No pictures go into the copy. Write out exactly the lines below from the one containing "De prijs van" through the one containing "- 1-2 Stängel".

## [AVAILABLE RECORDS]
□ □ □

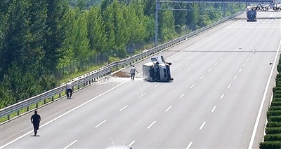 6月30日下午2时15分,山东省公安厅交管局五支队城阳大队民警接到报警电话,青银高速胶州段发生交通事故,一辆小型封闭式货车突然侧翻,占据外侧两个车道。值班民警立即通知路面巡逻民警赶赴现场。
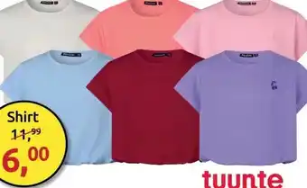 De prijs van de Shirt kan ook teruggevonden worden hierboven op de pagina, samen met de datum van wanneer de aanbieding beschikbaar is. Ook kun je de prijzen in de huidige Tuunte folder of op de Tuunte website controleren. De aanbiedingen verzekeren je van het kopen van de Tuunte producten voor de laagste prijs.
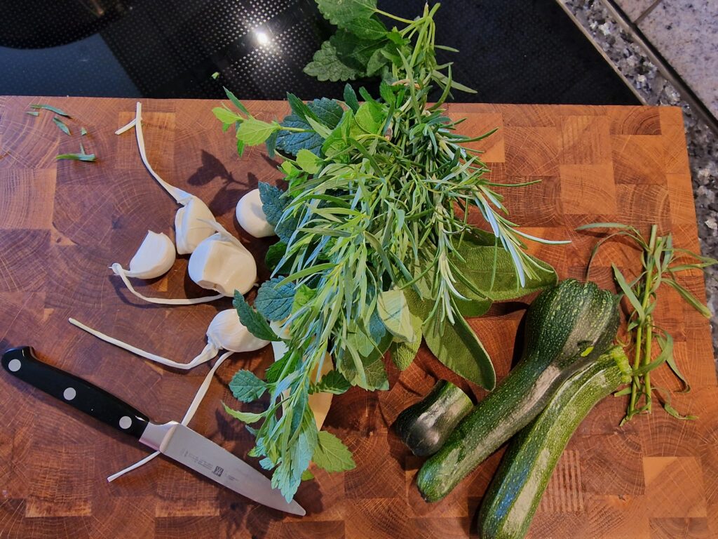 - 1-2 Stängel Estragon, 1 Stängel Rosmarin, 1 Stängel Salbei (Blättchen gehackt)
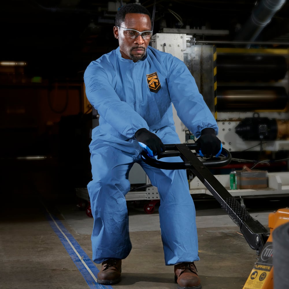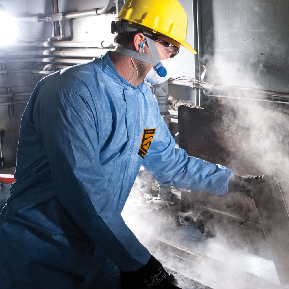 KleenGuard™ Personal Protective Equipment (PPE) enables rather than inhibits – allowing for maximum productivity and safety for you and your employees. When you have a sensitive job to tackle – like working in a crime lab, crime scene cleanup, forensic uses, embalming and research – the KleenGuard™ Chemical Resistant Suit (A60 Bloodborne Pathogen & Chemical Splash Protection Coveralls) is a great solution. They are designed to protect the wearer, as they pass the ASTM F1670/F1671 test for penetration of blood, body fluids and bloodborne pathogens, and they provide protection against some chemicals (chemical protection suit). They feature the Reflex Coverall Design, which provides a fuller cut for added range of motion, are 7.5 less likely to rip out (vs. ANSI minimums), are 6% longer body length and 12% more chest room. This model comes with a zipper front (with storm flap) and elastic back, wrists and ankles. Making the right Personal Protection choice is difficult. Perform with distinction with KleenGuard™ Personal Protective Equipment (PPE).
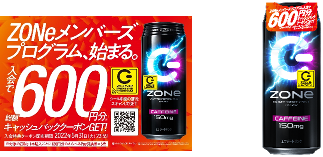 本サービス開始を記念して、対象の「ZONe」 1本(1ポイント)購入ごとに、120円分のキャッシュバッククーポン(えらべるPay引換券)×5枚が必ずもらえるキャンペーンも展開します。
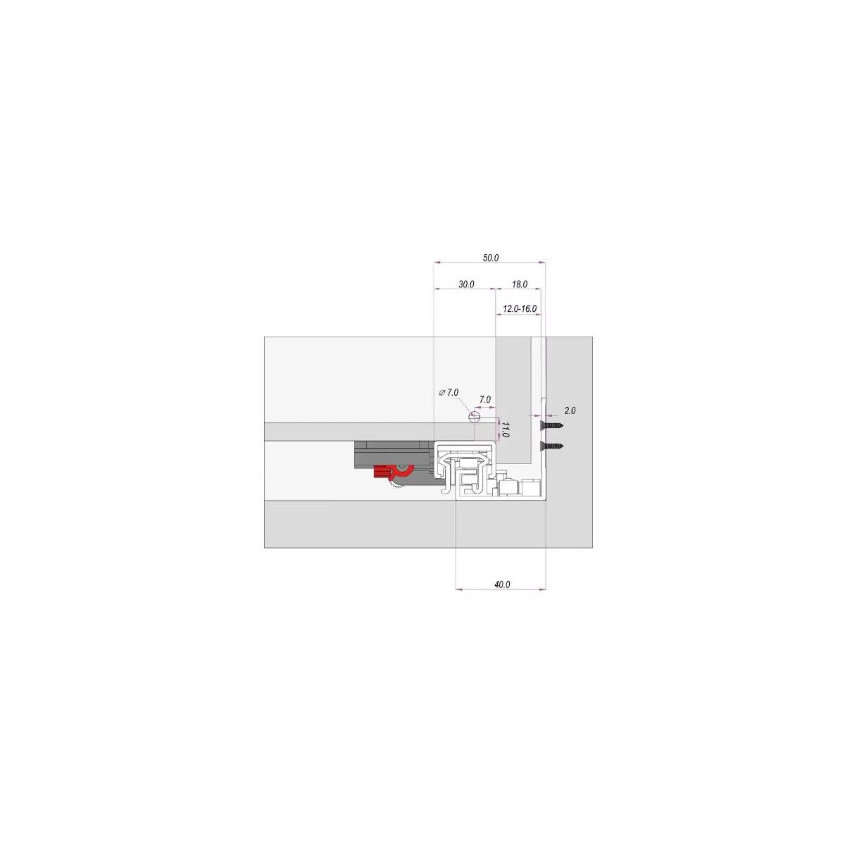 Coppia Guide invisibili per cassetti ad estrazione totale, profilo largo, chiusura ammortizzata.
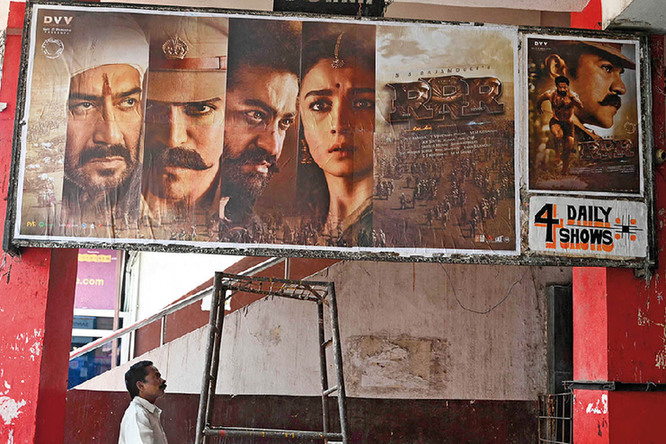 2023年3月13日,在印度海得拉巴的一座影院内,工作人员站在电影《RRR》的海报下面
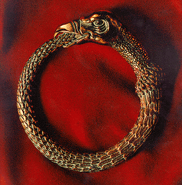 طلسم الثعبان او التنين يعض ذيله uroborus يرمز الخلود الي ما لا نهاية ، وهذا الشكل في العصر الحديث ، أصبح رمزا الرياضية العلمانية لانهائية من حيث العدد والزمان أو المكان.

□ □ □

## [EXERCISE RESULT]
 De prijs van de Shirt kan ook teruggevonden worden hierboven op de pagina, samen met de datum van wanneer de aanbieding beschikbaar is. Ook kun je de prijzen in de huidige Tuunte folder of op de Tuunte website controleren. De aanbiedingen verzekeren je van het kopen van de Tuunte producten voor de laagste prijs.
 - 1-2 Stängel Estragon, 1 Stängel Rosmarin, 1 Stängel Salbei (Blättchen gehackt)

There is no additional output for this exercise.